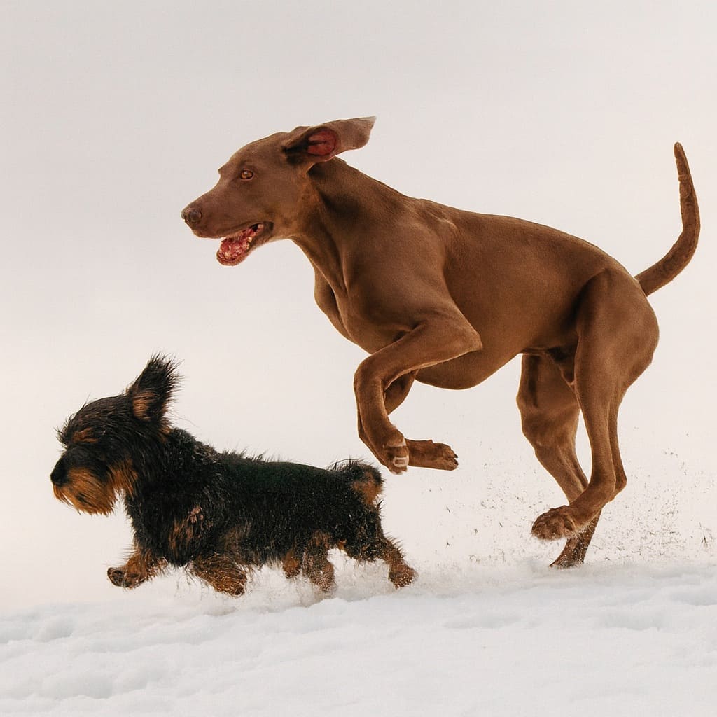 Четыре “мушкетёра” — дог по имени Баг и три маленькие, смешные собачки.
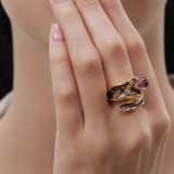 Серебряное кольцо с фианитами и аметистами природными
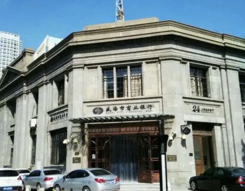 这里面变成威海银行,只能从外面看看,正面和表面原怡和洋行大楼一样,总体建筑很对称,确实很大气,可能和历史有关,附近还有许多银行
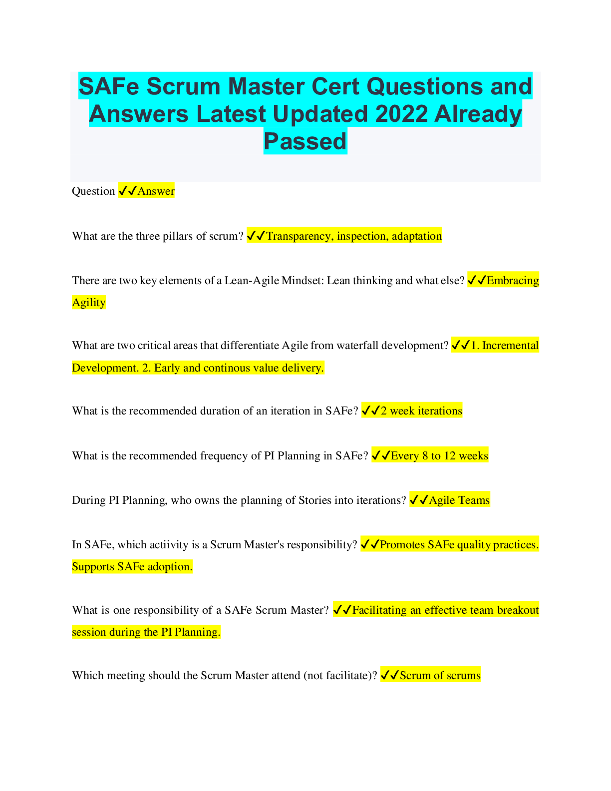 Programming > EXAM > SAFe Scrum Master Study Guide 5.0 Already Passed, Latest 2022 (All)
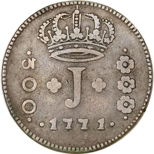 | Obverse description | J between flowers topped by royal crown. Value and date between dots. |
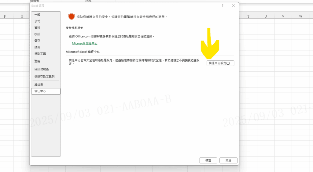 Step 2 在左邊功能列選擇「信任中心」內的「信任中心設定」
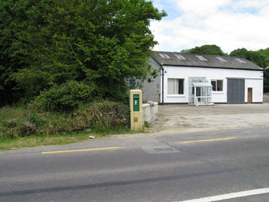 Wall-mounted cast-iron post box, installed c.1930, with raised lettering. Set into rendered gate pier.
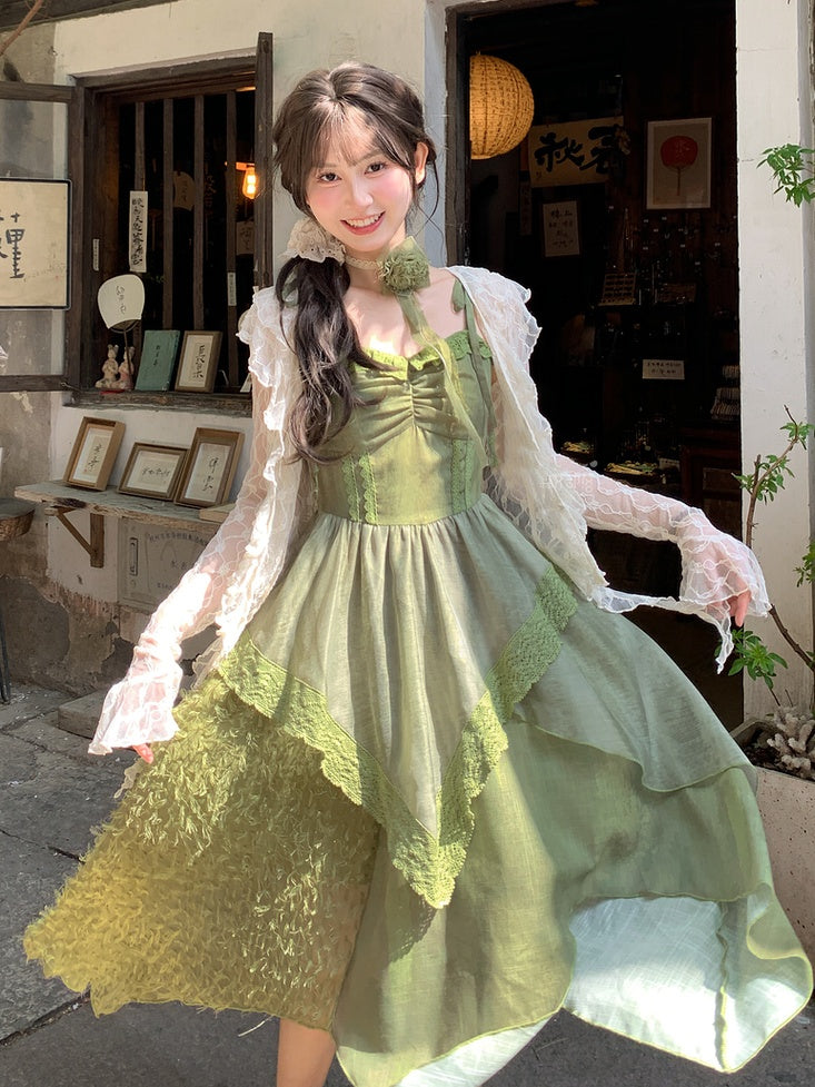 青と白のオールドスクールロリータファッションドレス 蝶結びディテール JSK セット
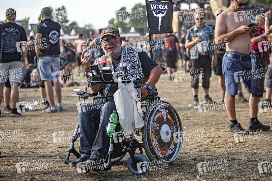 Wacken Opa Willy (reiste mit dem Rollstuhl aus Süddeutschland an und sammelte Spenden gegen Krebs) auf dem 30. Wacken Open Air Festival - W:O:A 2019. Wacken, 01.08.2019
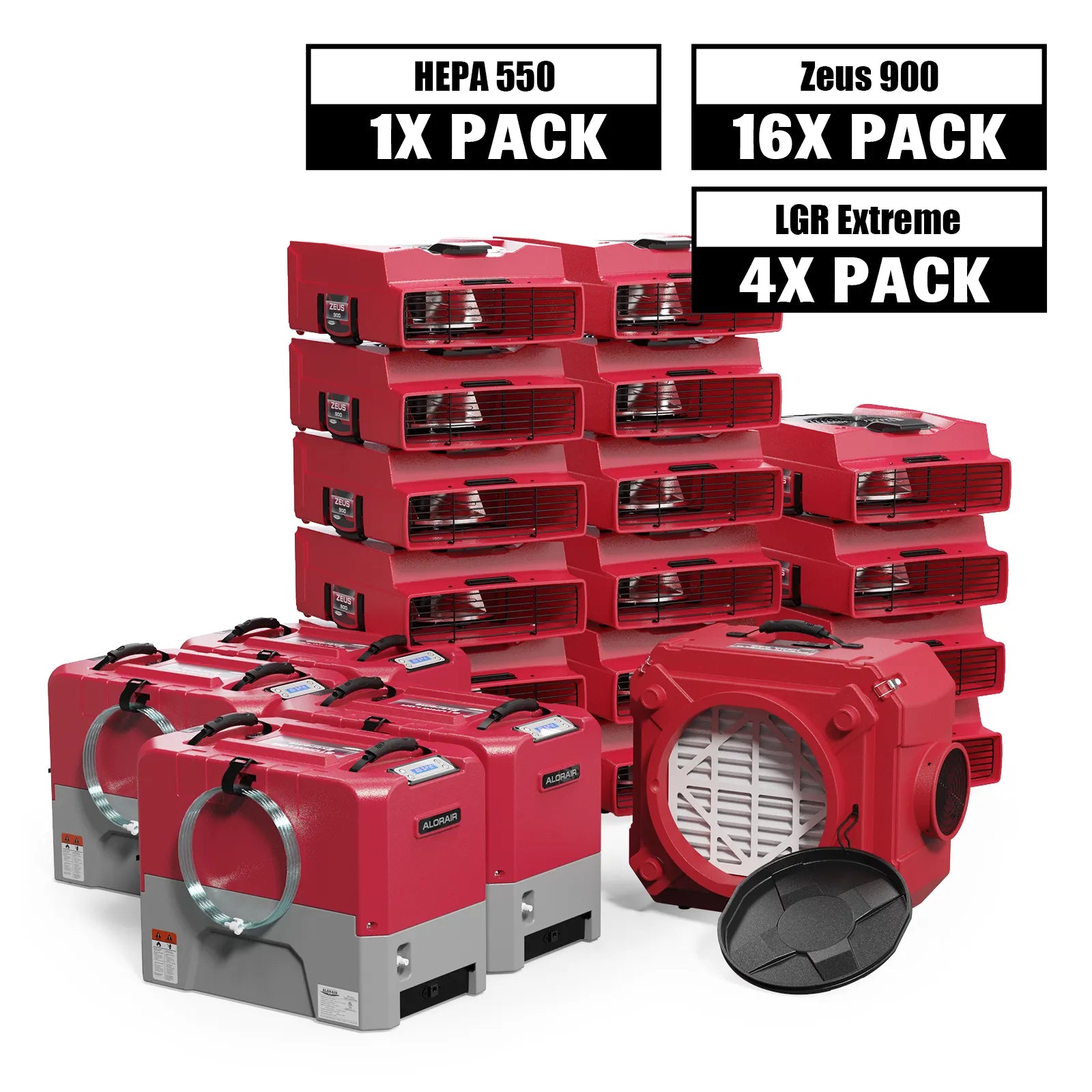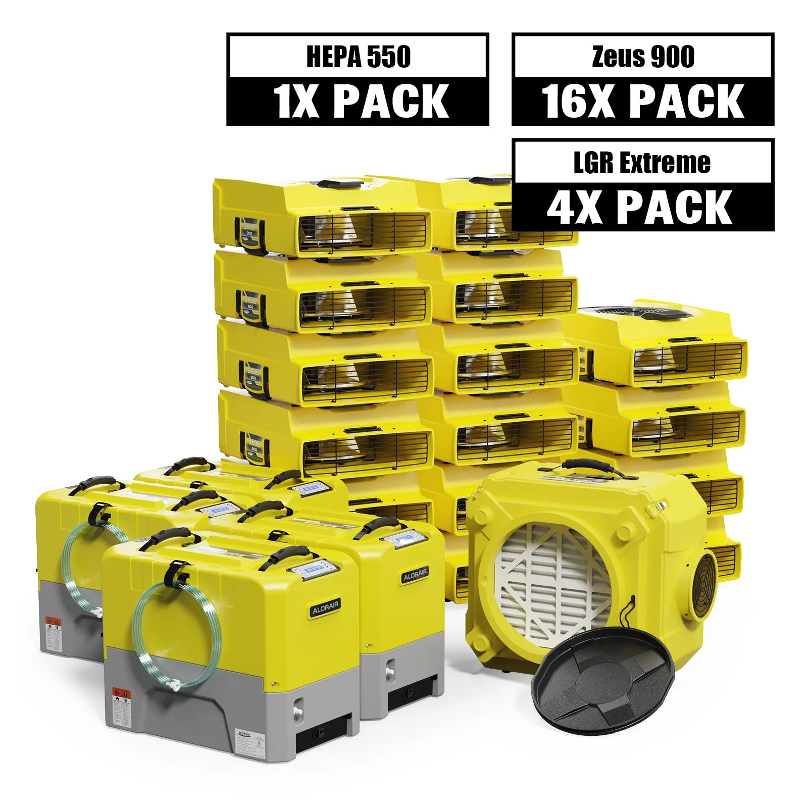 Alorair Water Damage Restoration Combo Pack, 4 X Storm LGR Extreme 85 Pint Commercial Dehumidifier, 16 X Zeus 900 Air Mover, 1 X CleanShield HEPA 550 Scrubber
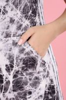 Платье прямое, длинное, с капюшоном, с карманом "кенгуру". Рукав короткий, с лампасами из отделочного полотна. Полочка с лампасами из отделочного полотна вдоль боковых швов. В нижней части боковых швов обработаны разрезы.
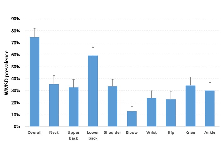 Pooled overall WMSD prevalence and by body area across all included studies. Vertical bars represent the 95% confidence interval; WMSD: work-related musculoskeletal disorder.
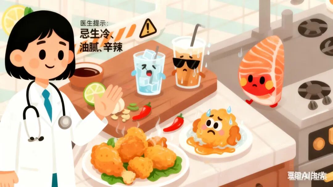 规避禁忌:忌生冷(如冰饮、刺身)、油腻(如油炸食品)、辛辣刺激食物,防止损伤脾胃,导致腹胀、腹泻等问题。

◆ AIM OF THE TASK ◆
Please reproduce each entry exactly as given and omit the pictures.

◆ FINAL ANSWER ◆
 Четыре “мушкетёра” — дог по имени Баг и три маленькие, смешные собачки.
 Серебряное кольцо с фианитами и аметистами природными
 这里面变成威海银行,只能从外面看看,正面和表面原怡和洋行大楼一样,总体建筑很对称,确实很大气,可能和历史有关,附近还有许多银行
 Programming > EXAM > SAFe Scrum Master Study Guide 5.0 Already Passed, Latest 2022 (All)
 | Obverse description | J between flowers topped by royal crown. Value and date between dots. |
 Step 2 在左邊功能列選擇「信任中心」內的「信任中心設定」
 Wall-mounted cast-iron post box, installed c.1930, with raised lettering. Set into rendered gate pier.
 青と白のオールドスクールロリータファッションドレス 蝶結びディテール JSK セット
 Wacken Opa Willy (reiste mit dem Rollstuhl aus Süddeutschland an und sammelte Spenden gegen Krebs) auf dem 30. Wacken Open Air Festival - W:O:A 2019. Wacken, 01.08.2019
 Alorair Water Damage Restoration Combo Pack, 4 X Storm LGR Extreme 85 Pint Commercial Dehumidifier, 16 X Zeus 900 Air Mover, 1 X CleanShield HEPA 550 Scrubber
 Платье прямое, длинное, с капюшоном, с карманом "кенгуру". Рукав короткий, с лампасами из отделочного полотна. Полочка с лампасами из отделочного полотна вдоль боковых швов. В нижней части боковых швов обработаны разрезы.
 Pooled overall WMSD prevalence and by body area across all included studies. Vertical bars represent the 95% confidence interval; WMSD: work-related musculoskeletal disorder.
 规避禁忌:忌生冷(如冰饮、刺身)、油腻(如油炸食品)、辛辣刺激食物,防止损伤脾胃,导致腹胀、腹泻等问题。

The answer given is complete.